Household Response When a Pregnant Person Is Present
When a child is diagnosed with fifth disease, the household should recognize that if a seronegative pregnant person lives there, exposure has almost certainly already occurred — in the week before the rash appeared. Separating the child from the pregnant person at the rash stage has little practical effect as a prevention measure.
What matters is the following:
- Contact the obstetrician at the same time the child is diagnosed: The question is whether the pregnant person has prior immunity (IgG antibodies to parvovirus B19). This can be checked with a blood test at the obstetric clinic [4]
- If seronegative status is confirmed: The obstetrician will typically arrange ultrasound monitoring with fetal wellbeing in mind
- If antibody-positive: The risk of re-infection is very low; elaborate isolation measures are not necessary
Actions like "send the child to a relative's house" or "have the pregnant person move to their parents' home" have little value as infection control when the rash has already appeared. A call to the obstetrician does.
Summary
Fifth disease is, for the vast majority of healthy children, a mild and self-limited illness. The practical reassurance is real: the visible rash phase is not the contagious phase, and school exclusion is generally not warranted.
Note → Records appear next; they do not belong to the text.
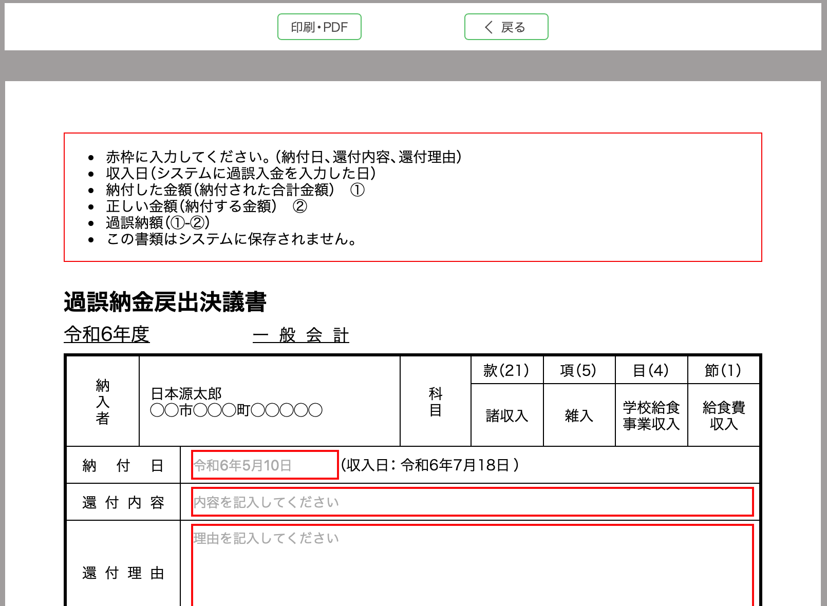| 過誤納金戻出決議書印刷(必要情報が記載されて印刷) |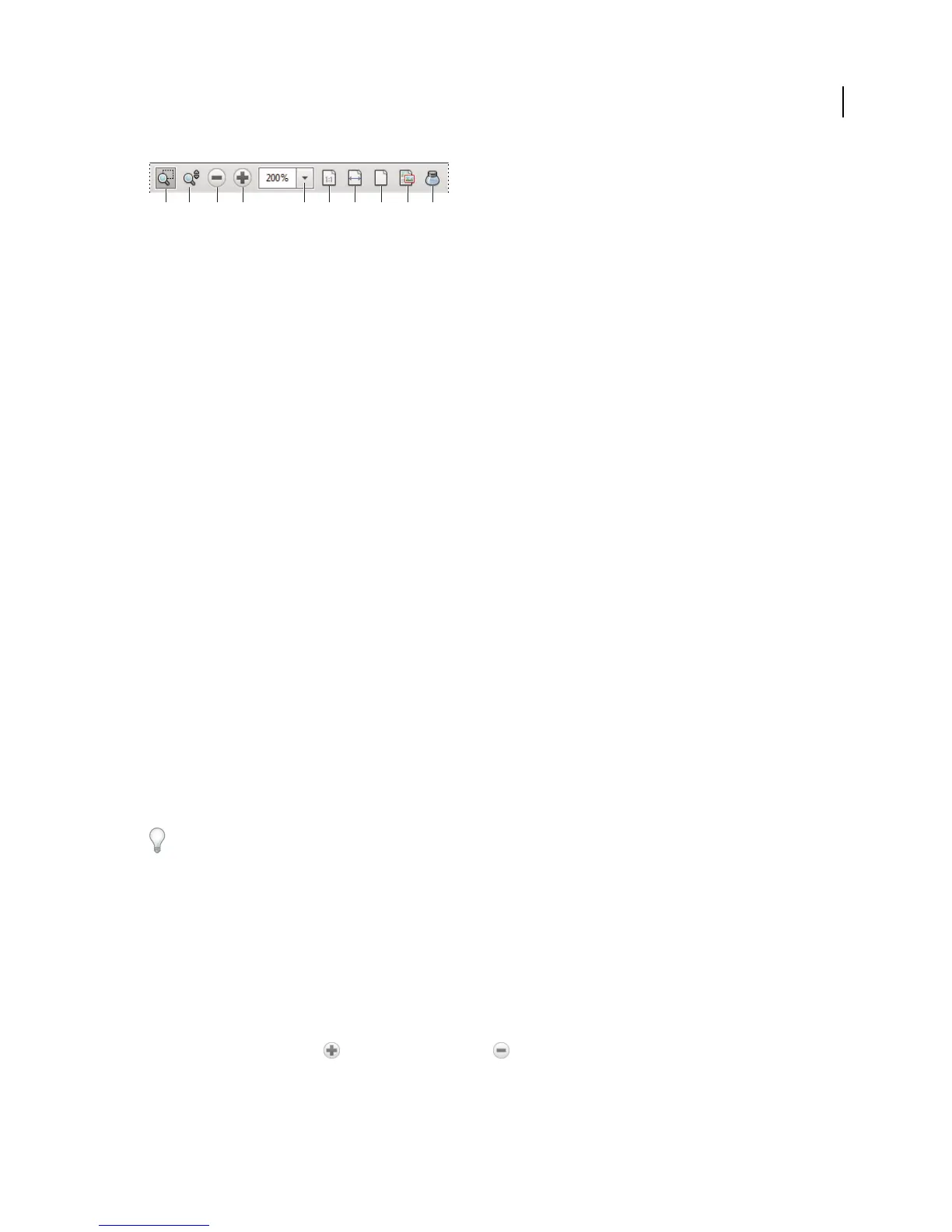 • Zoom In and Zoom Out buttons change the document magnification by preset levels.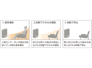 人感センサーが人の動きを検知。人がいなくなると暖房を弱めたり停止させたりすることで、うっかり消し忘れた時の、無駄な運転を抑えます。

The risk that does need to be acted on is narrow but specific: a pregnant person in the first half of pregnancy who has not had prior parvovirus B19 infection. For that person, fetal hydrops risk — approximately 3% before 20 weeks — is a concrete number, not an abstraction. The most useful action when a child is diagnosed is not thinking about school attendance; it is asking whether anyone in the household is pregnant, and if so, making sure they know and contact their obstetrician.
References
- Young NS, Brown KE. Parvovirus B19. N Engl J Med. 2004;350(6):586–597. doi:10.1056/NEJMra030840. PMID: 14762186.
- Ergaz Z, Ornoy A. Parvovirus B19 in pregnancy. Reprod Toxicol. 2006;21(4):421–435. doi:10.1016/j.reprotox.2005.01.006. PMID: 16182532.
- Miller E, Fairley CK, Cohen BJ, Seng C. Immediate and long term outcome of human parvovirus B19 infection in pregnancy. Br J Obstet Gynaecol. 1998;105(2):174–178. doi:10.1111/j.1471-0528.1998.tb10048.x. PMID: 9501781.
- Crane J, Mundle W, Boucoiran I, et al. Parvovirus B19 infection in pregnancy. J Obstet Gynaecol Can. 2014;36(12):1107–1116. doi:10.1016/S1701-2163(15)30390-X. PMID: 25551459.
- National Institute of Infectious Diseases (Japan). Erythema infectiosum and parvovirus B19 infection. IASR. 2019;40:1–3. Available from: https://www.niid.go.jp
- American Academy of Pediatrics. Parvovirus B19 (Erythema infectiosum, Fifth disease). In: Red Book: 2021 Report of the Committee on Infectious Diseases. 32nd ed. Itasca: AAP; 2021:572–577.